Mark Twain dürfte den meisten durch seine Romane „Tom Sawyers Abenteuer“ und „Huckleberry Finns Abenteuer“ bekannt sein. Der amerikanische Autor, der mit richtigem Namen Samuel Langhorne Clemens hieß, war auch ein begeisterter Reisender. 1867 unternahm eine Reise nach Europa und in den Nahen Osten, die ihn auch nach Palästina führte. In seinem Reisebuch „Die Arglosen im Ausland“ (Original: „The Innocents abroad“) beschreibt er seine Eindrücke. Demnach war Palästina ein karges, ödes und für den Autor überraschend kleines Land, das von Armut und Schmutz beherrscht war.

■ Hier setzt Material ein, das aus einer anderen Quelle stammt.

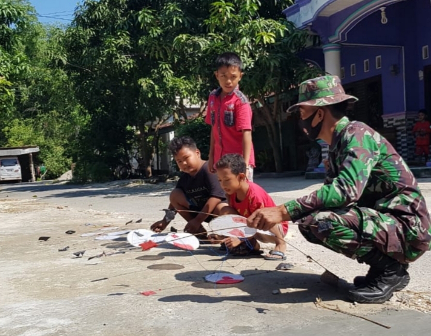 Seperti terlihat kali ini, Serda Sukarji anggota Satgas TMMD sedang menghampiri anak-anak yang sedang membuat layang-layang di depan rumah warga. Berbekal pengalaman waktu kecil, Serda Sukarji membantu anak-anak membuat kerangka layang-layang,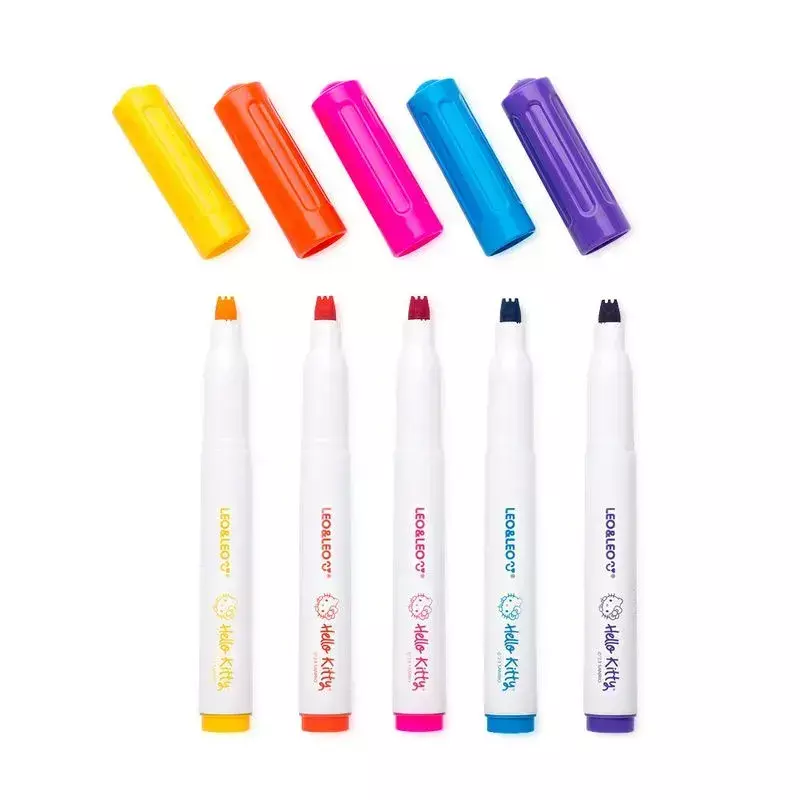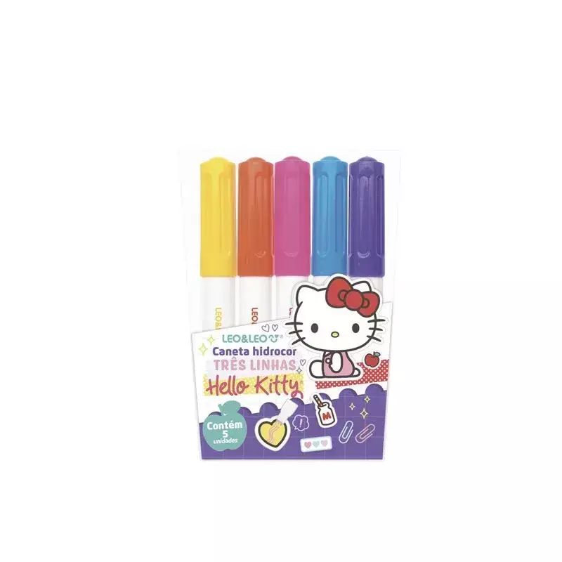 Já as 5 cores disponíveis oferecem mil e uma criações, dando a chance da imaginação tomar conta, desenvolvendo habilidades e o melhor, brincando e aprendendo com a Caneta Hidrocor Hello Kitty Leo&Leo.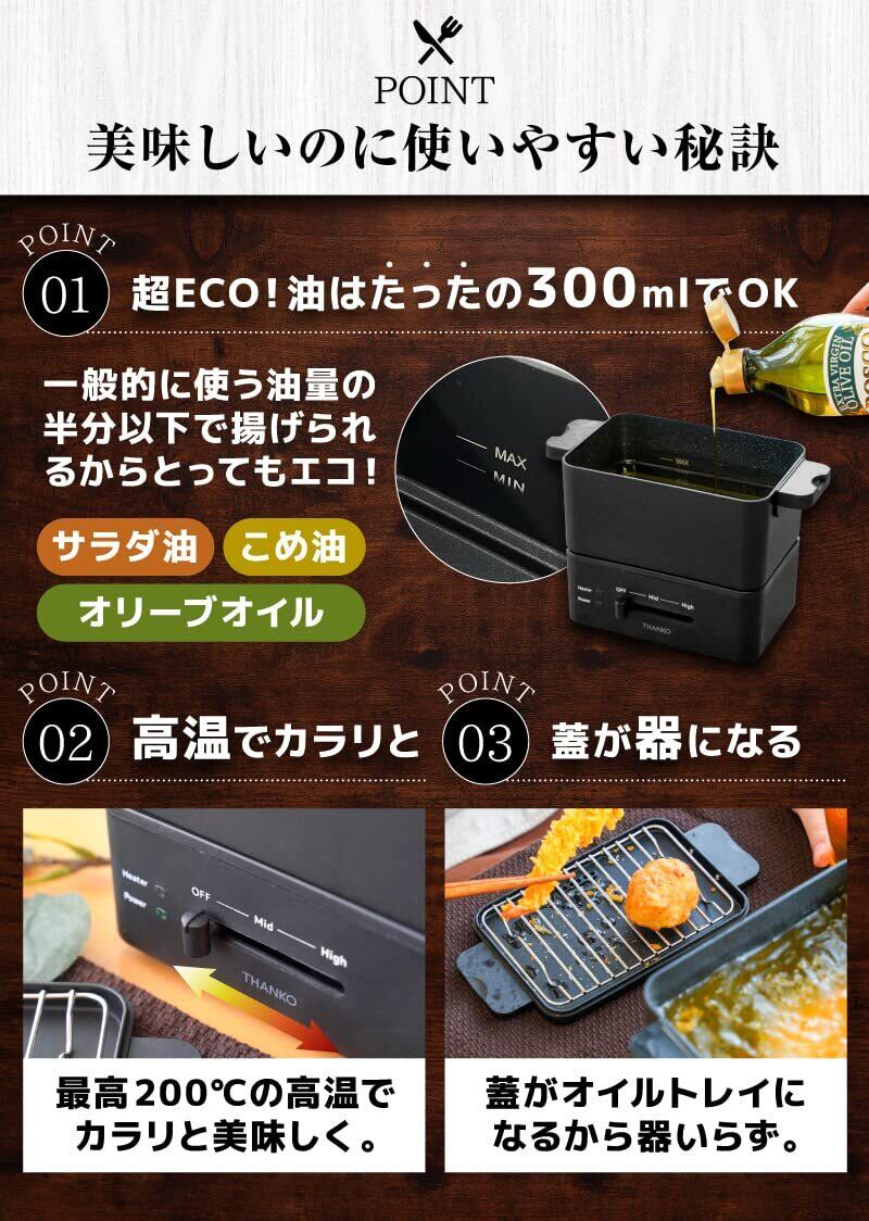 ■【安心の使い勝手!】電源オフのタimer機能を搭載しているため、忙しい時でも安心して利用できます。また、必要な分だけ揚げることができ、余分な油の使用も抑えられます。新しい料理の幅を広げ、毎日の食卓を楽しく彩る助けになるでしょう。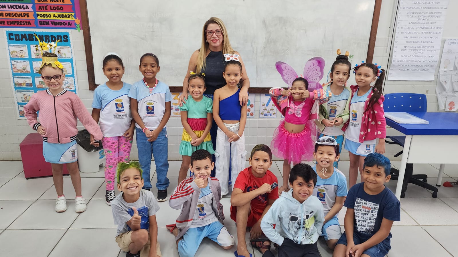 A escola atende cerca de 500 alunos e teve adesão quase total às atividades. Até os professores entraram na brincadeira, pintando os cabelos e vestindo roupas coloridas.

Palästina: Reisen für Fortgeschrittene
Im Sommer 1867 startet Twain von New York aus mit der „Gesellschaftsreise nach dem Heiligen Land, Ägypten, der Krim, Griechenland und weiteren auf dem Wege liegenden interessanten Zielen“. Nach verschiedenen Stationen im Mittelmeerraum reist die Gruppe über Syrien und den Libanon nach Palästina. Schon im Vorfeld warnen andere Reisende sie über die Bedingungen im Land: „Wir wussten sehr gut, dass Palästina ein Land ist, das keinen großen Reiseverkehr besitzt, und jeder, dem wir begegneten und der etwas darüber wusste, gab uns zu verstehen, dass nicht einmal die Hälfte unserer Gesellschaft imstande sein würde, Dragomane und Beförderungsmittel zu bekommen.“ Dennoch ist die Vorfreude bei der Reisegruppe groß – das Heilige Land soll einer der Höhepunkte der Reise sein.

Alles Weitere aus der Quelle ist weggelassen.